I happened to turn on the TV earlier today and caught a program on SBS about Australian casualties in World War I. Until then the most I'd done on ANZAC day was eat some Anzac biscuits. Anyway I has only half listening when I heard about three brothers who were all killed at the front, and their names were Seabrook. I phoned my mum to let her know to watch SBS at 5:30pm. Then I listed and watched for more detail. It seems the brothers were George, Theodore and Kenneth and their mother was called Fanny.
Now mum didn't know if they were related or not. My maternal grandfather was Ronald Seabrook who was a Royal Marines in WWI, and didn't come to Australia (from Wales) until after the war. My paternal grandfather F.W. Dunning fought in Flanders. My father Frank William Dunning fought in New Britain during World War II. My brother Mark didn't fight, but was in the RAEME in the 70s, so each generation had someone in service. It's doubtful that such will continue on my branch of the family, as only my brothers have children and I have one niece from each.
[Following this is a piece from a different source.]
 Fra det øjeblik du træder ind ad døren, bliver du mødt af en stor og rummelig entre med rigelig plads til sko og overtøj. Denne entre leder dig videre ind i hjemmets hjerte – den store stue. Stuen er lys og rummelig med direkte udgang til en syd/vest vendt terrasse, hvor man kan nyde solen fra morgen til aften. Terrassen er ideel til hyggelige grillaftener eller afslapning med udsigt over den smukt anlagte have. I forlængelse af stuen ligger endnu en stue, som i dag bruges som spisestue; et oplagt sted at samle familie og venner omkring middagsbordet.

I think that as time goes on, wars still come and go, though not quite the same as they have in the past. It's not that wars never decide or change things - they do - but that the main thing they decide is who dies. World War I used to be called "the War to End wars" but in retrospect that seems like so much hype doesn't it? World War II seems to have been that last "moral war" - one in which the infamy of the losing side can be clearly demonstrated. However the winners tend to write histories and what often gets overlooked are events perpetrated by the victors that rival the opposition, like the bombing of Dresden and Tokyo, each of which killed thousands of civilians in a deliberately bloody manner. I heard the opinion recently that it wasn't the dropping of the A Bombs on Japan that forced its government to surrender (they were quite prepared to have the civilians fight to the death) - it was the U.S.S.R.'s invasion of Manchuria instead. That being the case, the flattening of Nagasaki and Hiroshima seem the most horrid extravaganzas of death.
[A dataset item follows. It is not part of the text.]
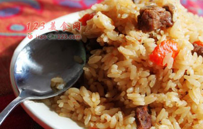 贴士:饭跳闸后再焖十分钟,然后开盖搅匀。看这一锅手抓饭呀,香喷喷的。[LaoYanHuo.com]

Since World War II things have been murkier. It's hard to justify the
wars in Vietnam and Iraq but they happen anyway. And Australia, as usual, sends its expeditionary forces like we always have. See here's the paradox of the whole thing. The armed forces we send do their jobs generally in an honourable and competent way. ANZAC day is nominally to remember both living and dead veterans. But the Gallipoli campaign (where the allied forces of France, England, New Zealand and Australia ultimately failed in their objectives) is also hailed as "the birth of the nation". Sure, we federated on the first day of the 20th century, but it seems that's only worth something when we send our young off to die in someone else's war. And yet oddly enough it's also a significant event in Turkey as well - it made Kemal Atatürk a hero who went on to found modern Turkey. It really was the birth of a nation, just not ours.
When mum was cleaning out dad's shed after his death, she found his old campaign and service medals. Dad sometimes watched the parades on TV but so far as I know he never marched, and never talked about the war. He turned his back on those experiences, preferring to leave them in the past than relive them. It's a pity that as a species we can't do the same.